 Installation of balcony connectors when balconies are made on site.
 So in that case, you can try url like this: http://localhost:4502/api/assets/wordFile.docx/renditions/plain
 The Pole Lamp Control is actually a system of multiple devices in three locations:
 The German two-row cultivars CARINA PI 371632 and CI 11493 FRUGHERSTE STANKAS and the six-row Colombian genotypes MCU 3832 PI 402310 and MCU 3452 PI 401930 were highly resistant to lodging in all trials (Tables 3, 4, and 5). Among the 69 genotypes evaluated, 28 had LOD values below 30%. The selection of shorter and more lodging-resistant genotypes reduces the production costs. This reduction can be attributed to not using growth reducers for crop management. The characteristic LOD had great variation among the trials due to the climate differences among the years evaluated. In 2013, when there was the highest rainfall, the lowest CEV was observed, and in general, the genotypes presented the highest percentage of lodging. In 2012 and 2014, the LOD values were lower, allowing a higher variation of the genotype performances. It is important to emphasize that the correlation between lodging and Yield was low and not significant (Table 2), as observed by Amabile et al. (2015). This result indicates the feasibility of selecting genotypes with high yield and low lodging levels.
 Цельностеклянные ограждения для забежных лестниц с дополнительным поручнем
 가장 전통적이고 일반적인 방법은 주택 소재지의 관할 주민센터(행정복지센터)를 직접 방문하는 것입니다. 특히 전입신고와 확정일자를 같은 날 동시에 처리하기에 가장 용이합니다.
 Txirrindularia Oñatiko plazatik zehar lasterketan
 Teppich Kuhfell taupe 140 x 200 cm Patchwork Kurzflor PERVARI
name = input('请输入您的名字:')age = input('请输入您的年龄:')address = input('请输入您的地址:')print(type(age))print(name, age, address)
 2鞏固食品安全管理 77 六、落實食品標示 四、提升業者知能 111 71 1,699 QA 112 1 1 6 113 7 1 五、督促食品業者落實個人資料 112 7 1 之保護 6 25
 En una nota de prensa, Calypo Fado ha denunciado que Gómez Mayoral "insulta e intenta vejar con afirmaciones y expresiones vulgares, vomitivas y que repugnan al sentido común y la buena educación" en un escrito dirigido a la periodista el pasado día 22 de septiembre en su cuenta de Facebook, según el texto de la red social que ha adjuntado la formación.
---
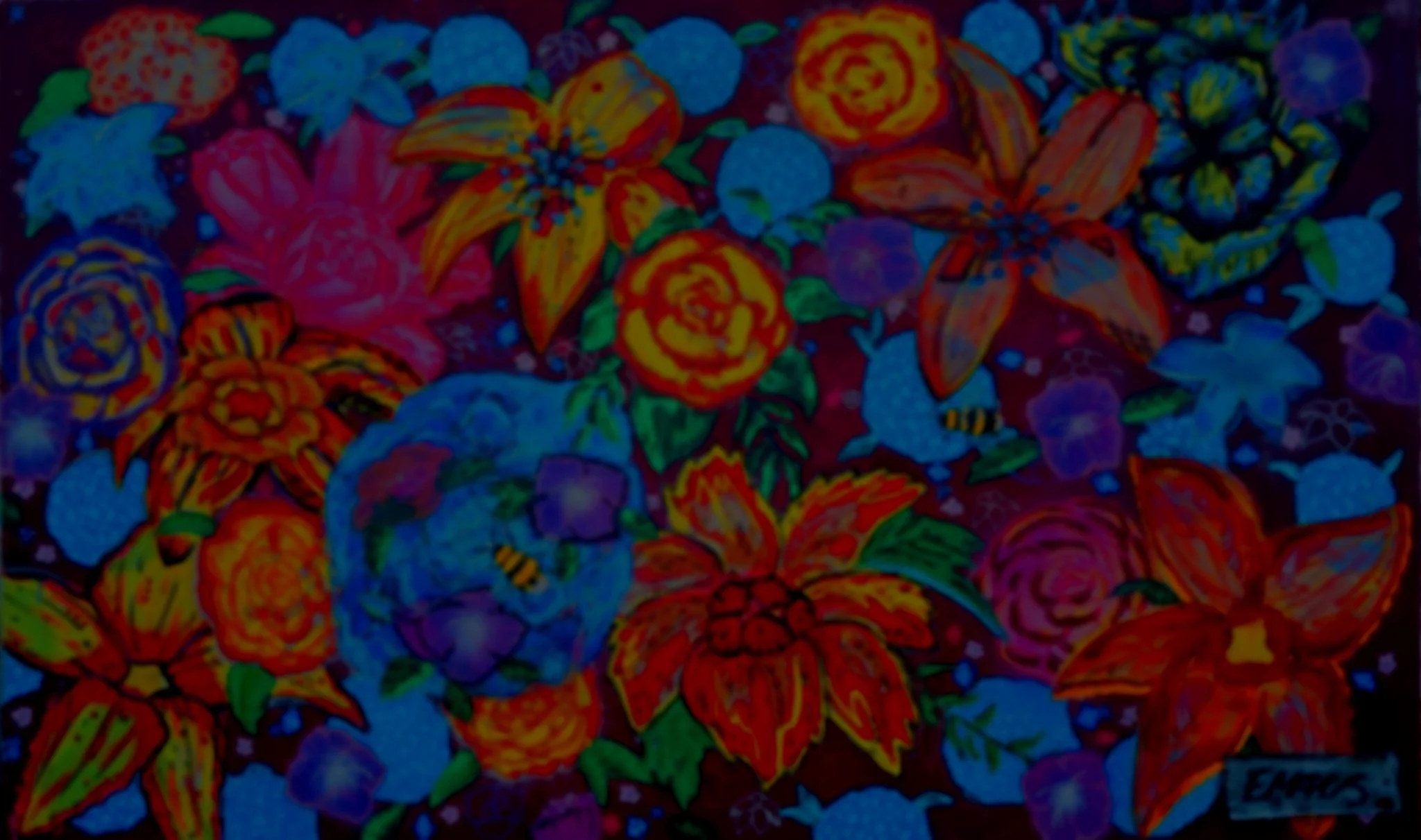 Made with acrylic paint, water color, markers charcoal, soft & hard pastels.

ASSIGNMENT: Scanning the data above, copy out every line where "that" is found.

ANSWER TO THE EXERCISE:
 So in that case, you can try url like this: http://localhost:4502/api/assets/wordFile.docx/renditions/plain
 The German two-row cultivars CARINA PI 371632 and CI 11493 FRUGHERSTE STANKAS and the six-row Colombian genotypes MCU 3832 PI 402310 and MCU 3452 PI 401930 were highly resistant to lodging in all trials (Tables 3, 4, and 5). Among the 69 genotypes evaluated, 28 had LOD values below 30%. The selection of shorter and more lodging-resistant genotypes reduces the production costs. This reduction can be attributed to not using growth reducers for crop management. The characteristic LOD had great variation among the trials due to the climate differences among the years evaluated. In 2013, when there was the highest rainfall, the lowest CEV was observed, and in general, the genotypes presented the highest percentage of lodging. In 2012 and 2014, the LOD values were lower, allowing a higher variation of the genotype performances. It is important to emphasize that the correlation between lodging and Yield was low and not significant (Table 2), as observed by Amabile et al. (2015). This result indicates the feasibility of selecting genotypes with high yield and low lodging levels.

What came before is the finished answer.